So let's execute application 7, but not here. That is the wrong place. So it is here. So now you should have the sidebar with the button browse files. And with this, I select, in my case, you can select whatever you wanna select, any PDF that you have available. It is an essay of an author. I load it. I save to AstroDB. And once you saved it to AstroDB, you can ask questions and test if the LLM really gets the context about the PDF. And so this PDF is about, is an essay. And my question is, so what were the two main things the author worked on before college? The LLM, they does not know about which author is that all about. And it wasn't trained with that essay PDF document. But now that we have vectorized it and we inject it into the prompt, the context and pass it over to the LLM. So we get the two main things that are writing and programming with some more information back from the LLM. Please let me know if that worked for you, any successes with that? Hey, cool, very cool. So it worked for quite a number of folks. And this is really a super simple chatbot application. So there are many ways to make it even more valuable and more production ready for sure. And if you are interested in, if you have a project, yeah, I would be glad or we would be glad DataStax to simply reach out to me, to us. Yeah, we would love to give you a hand with whatever you wanna do. So there is a last step within the workshop. And so this is to bring your application up and running on the Streamlit platform. So I hope each of you got Streamlit account. So it is not only the framework, it is also a platform.

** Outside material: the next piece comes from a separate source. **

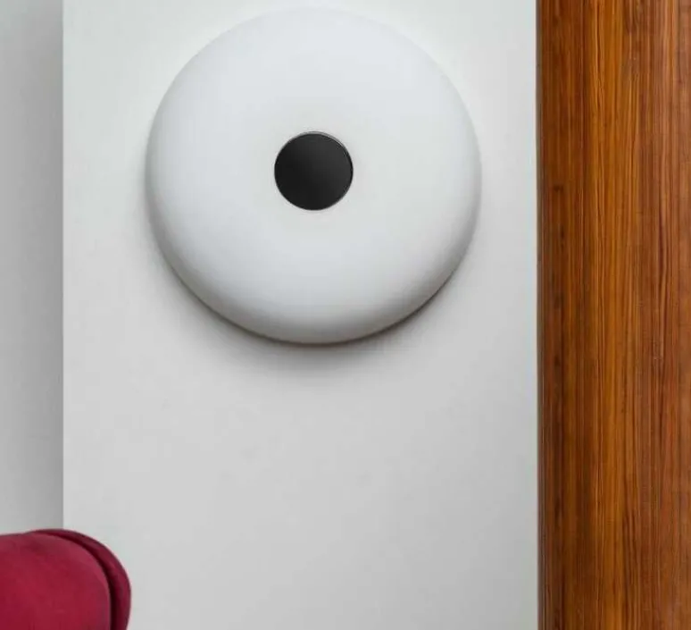Tropico est une calotte sphérique en verre opalin opaque, aplatie et fixée par un grand bossage en métal miroir. La famille comprend des versions mur/plafond et table, toutes deux disponibles en trois tailles différentes.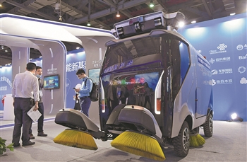 5月27日在博览会上拍摄的智能无人驾驶环卫车。

15. Deploying the Chatbot Application
Short description:
Create an application in Streamlit to deploy the workshop chatbot, making it publicly accessible. Customize the URL, copy the secrets from the secrets.toml file, and hit Save and Deploy to deploy the application. Use pipelines to update the vector database with new documents. Monitor the documents folder for changes and vectorize the new documents to update the information in Astra DB. Use the Astra API and the Python client to manage collections, delete outdated information, and interact with the database.
And so all you need to do actually is, and it's also well-documented, you need to create a application. Right now I have two applications up and running. So this application is the workshop chatbot that I already deployed to Streamlit. So with this, your chatbot is also publicly available. So this would allow you to share it with colleagues, maybe colleagues that work also in home office, work in other locations to give them an idea. So what is possible with retrieval augmented generation. All you need to do is you create an application. And so in my case, I already have an application. And so what you provide here is the repository, the repository, then it is the main branch, then the main file paths to your application. In our case, it is app underline7.py. And then here is a URL and you can customize your URL to make it to the URL that is available and matches with whatever you want to name it, right?

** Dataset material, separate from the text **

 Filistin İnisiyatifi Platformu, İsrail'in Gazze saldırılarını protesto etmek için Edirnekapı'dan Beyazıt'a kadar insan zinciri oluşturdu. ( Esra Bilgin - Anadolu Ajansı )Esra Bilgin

And then there are some advanced settings and what you need to do there is, all you need to do is you need to copy from the secrets.toml file the whole thing here. So all the lines, all the secrets and copy it in here. And then you hit Save. And then you hit Deploy and this will deploy the application on Streamlit and it will take a while, but afterwards it is accessible like my application. Now, please provide feedback if that also works for you, would be good to know if that worked for you. And with this, actually please signal if it works and please also let me know if there are any questions. And I'm happy to answer any of them. Thank you. Thank you. Thank you. Thank you. Thank you. Thank you. Thank you. Thank you. Thank you and I'm happy if there are any questions. With this, once you signal me it works, I would like to demo to you within a few minutes, even simpler, more simple way to implement such a chatbot application.

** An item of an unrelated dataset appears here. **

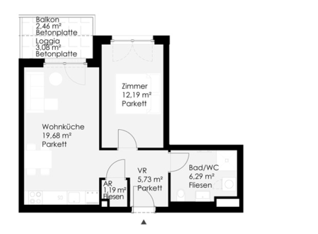 Die Wohnung befindet sich im 6. Obergeschoss und verfügt über eine großzügige Wohnküche mit vollausgestatteter Einbauküche, ein Schlafzimmer, ein Badezimmer mit Dusche und Waschmaschinenanschluss, , ein separates WC, sowie einen Abstellraum und einen Vorraum.

I do have a question. So let's say that in my company I have a list of files that I want to make public for my colleagues. And I have this application hosted for them to ask questions to these files. As the files change, how easy and how does the process look like to keep on feeding the vector database with more files? Like do you have certain APIs or certain pipelines where we can streamline the information that we feed to it?
Yeah, thanks a lot for the question. So the way you do it indeed is by pipelines. So this is nothing that we offer right now in our platform. So this is something you need to implement on your own. As soon as there is a document change, a new version of a document or a new document, typically you monitor your documents folder. And if there is something new, if there is an update, you take the new document, vectorize it and update the information in Astra DB. And I imagine that is also in the Astra DB possible to delete all information that is no longer relevant, given that I just uploaded a new PDF to all the one as wrong information.
Absolutely. So what we have leveraged today is the so-called, there are always different ways to interact with the technology. And we use the Astra API. There is for different programming languages, a client that implements the API. Today we use the Python client. And with this, why are these Python client? There are a number of functionalities available to manage your collection, to delete your collection, to delete outdated information within your collection. So this is doable via the API in this case. Okay, I can see a question about the end point and token. Shibam, let me quickly circle back to that point. Here is Astra. So as soon as you have your database up and running and it's active, so what do you do is here on the right-hand side, there is an RP endpoint. So this is what you copy. And this is what required in the Streamlit secrets.
16. Implementing Langflow and Defining Flows
Short description:
Generate a token and paste it into the secret file. Langflow is an open source project that allows you to implement generative applications without coding. Use drag-and-drop components in a canvas to define the flow. Connect components like embedding models and AstraDB search to perform similarity searches. Retrieve context and use a prompt with predefined templates for generating responses.
And then you generate a token simply by clicking generate token, you hit the copy icon and copy and paste it into the secret file. And that is all you need to do. Okay, with this, okay, with this, I believe the next thing is also super interesting to you. So it is about Langflow, which is an open source project. And yeah, Langflow, it has nearly 20,000 stars on GitHub. So it is really a famous project with a super interactive community. It is a no code way to implement any kind of generative applications. If you are interested to dig deeper into that topic, it allows you to simply prototype to try out different models, different retrievers, different tech splitters, different technologies from AWS, from Azure, from Google, just by exchanging components in a canvas. This is the doc page, docs.langflow.org.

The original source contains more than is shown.